College Student Unearths 65 Million Year Old Triceratops Skull
A biology student made history recently when he discovered a 65-million-year-old partial Triceratops skull.
Harrison Duran, who is currently in his fifth year of studying at the University of California, made the incredible discovery in the badlands of North Dakota.
In a press release handed out by the school on Wednesday, Harrison said:
I can’t quite express my excitement in that moment when we uncovered the skull.
I’ve been obsessed with dinosaurs since I was a kid, so it was a pretty big deal.
North Dakota is considered to be a treasure trove when it comes to discovering fossils and is part of the Hell Creek Foundation. The fossils in this particular area date back to the late Cretaceous period, which was between 65 million and 60 million years ago, having originally been discovered by paleontologist Barnum Brown.
The rock formation in which these fossils are found, spans across four different states including Montana, North Dakota, South Dakota and Wyoming.
Harrison headed out on a two-week dig accompanied by Michael Kjelland, who is an experienced excavator and professor at Mayville State University in North Dakota, already knowing the history of the area.
Harrison and Michael previously became friends when they bonded over a passion for dinosaurs at a conference.
Michael told CNN:
I have been going out to the badlands for years off and on, but to this particular site it was the first time.

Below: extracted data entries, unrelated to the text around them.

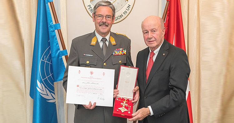 Seit einigen Monaten ist Erwin Hameseder Generalanwalt der Raiffeisen-Verbandes (LEADERSNET berichtete). Nun wurde der Generalmajor mit der höchsten militärischen Auszeichnung des Souveränen Malteserordens geehrt. Botschafter Günther Granser, ständiger Vertreter des Ordens bei den Vereinten Nationen, IAEA und UNIDO, lud zum Empfang anlässlich der Ordensüberreichung an den Milizbeauftragten des Österreichischen Bundesheers und Generalanwalt der Raiffeisen-Verbandes.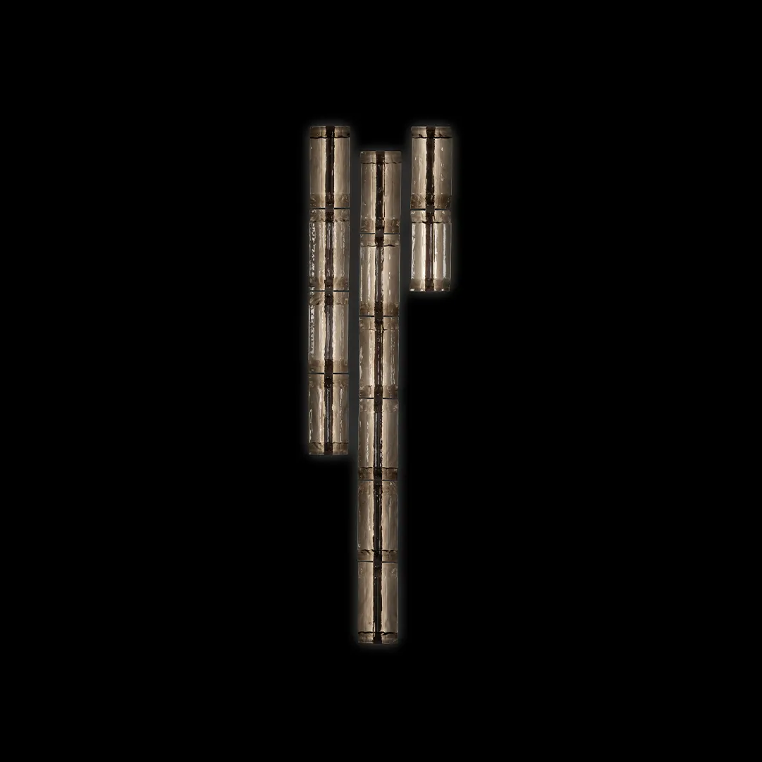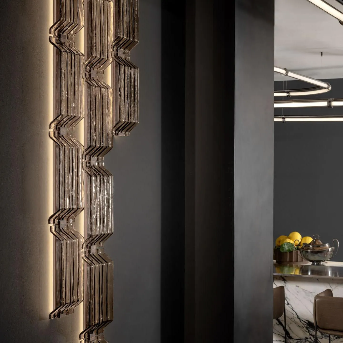Светильник похожий на световую скульптуру: текстурированные плитки из выдувного стекла чередуются по вертикали вдоль стены в игре бесконечных переливов и нюансов света и прозрачности и отражений.
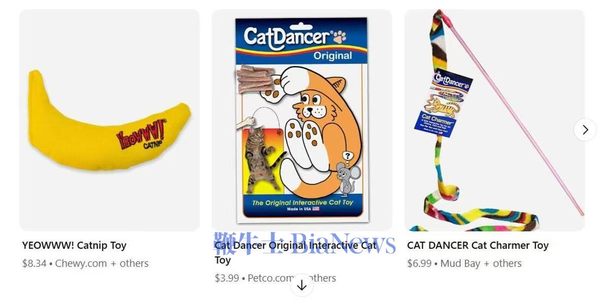 OpenAI的ChatGPT已经具备AI购物搜索功能。我试用了一下,问:“请推荐一些最好的猫玩具。”AI回复了我一份精选的高评分猫玩具清单。它以横向可滚动的轮播图形式展示了产品;每个产品都显示了不同商店的价格。和Meta一样,你需要点击每个产品对应的商店网站链接才能购买。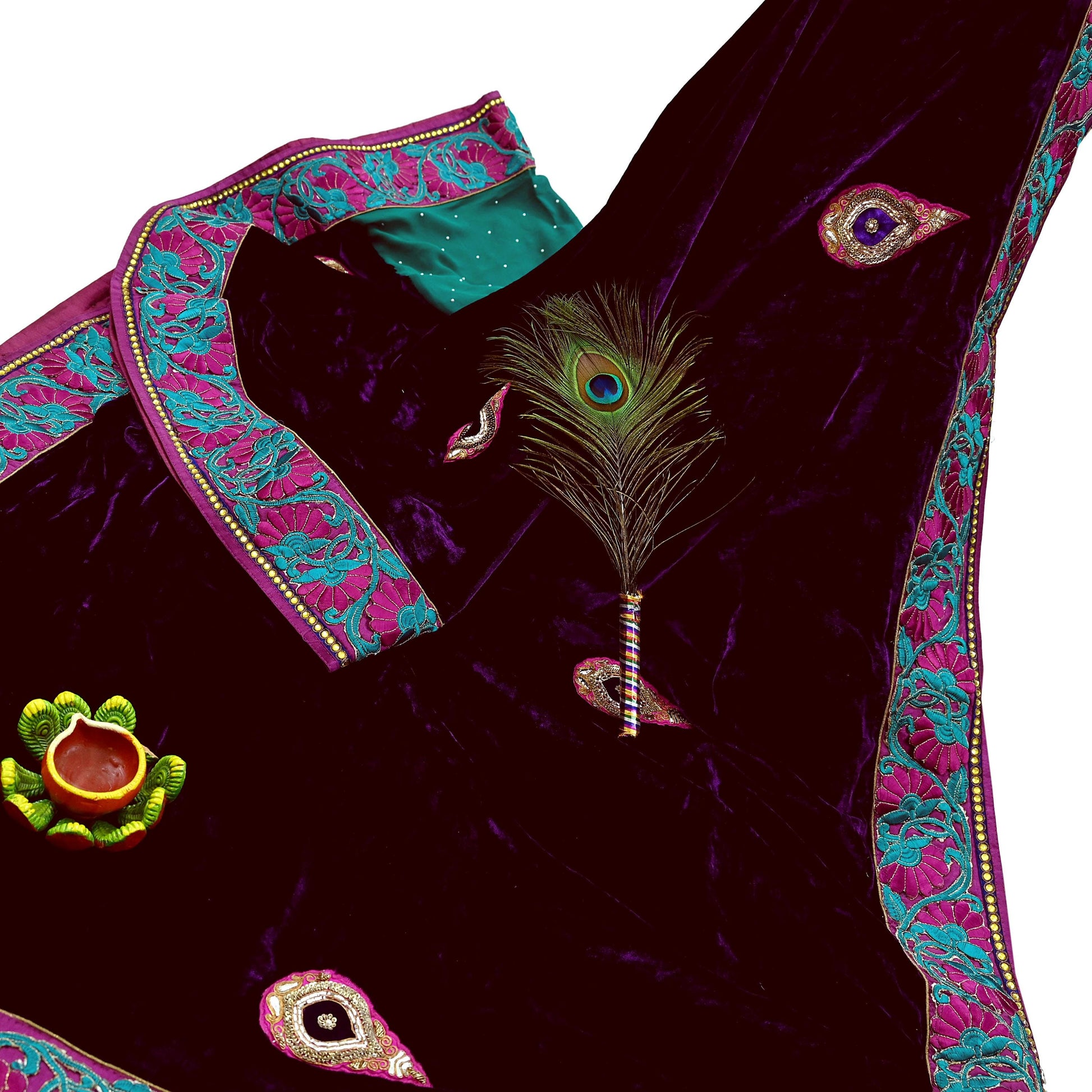 Indian Vintage Heavy Sari Purple Pure Georgette Silk & Velvet Hand Embroidered Sarees Craft Fabric 5Yd Sewing Ethnic Bollywood saree

Last year, he discovered Triceratops skull around the same area that is currently being excavated.
Their dig kicked off on June 1, as they began chiselling the rocks in a bid to make some incredible discoveries. It was on the fourth day Harrison struck gold.
It is wonderful that we found fossilized wood and tree leaves right around, and even under, the skull.
It gives us a more complete picture of the environment at the time.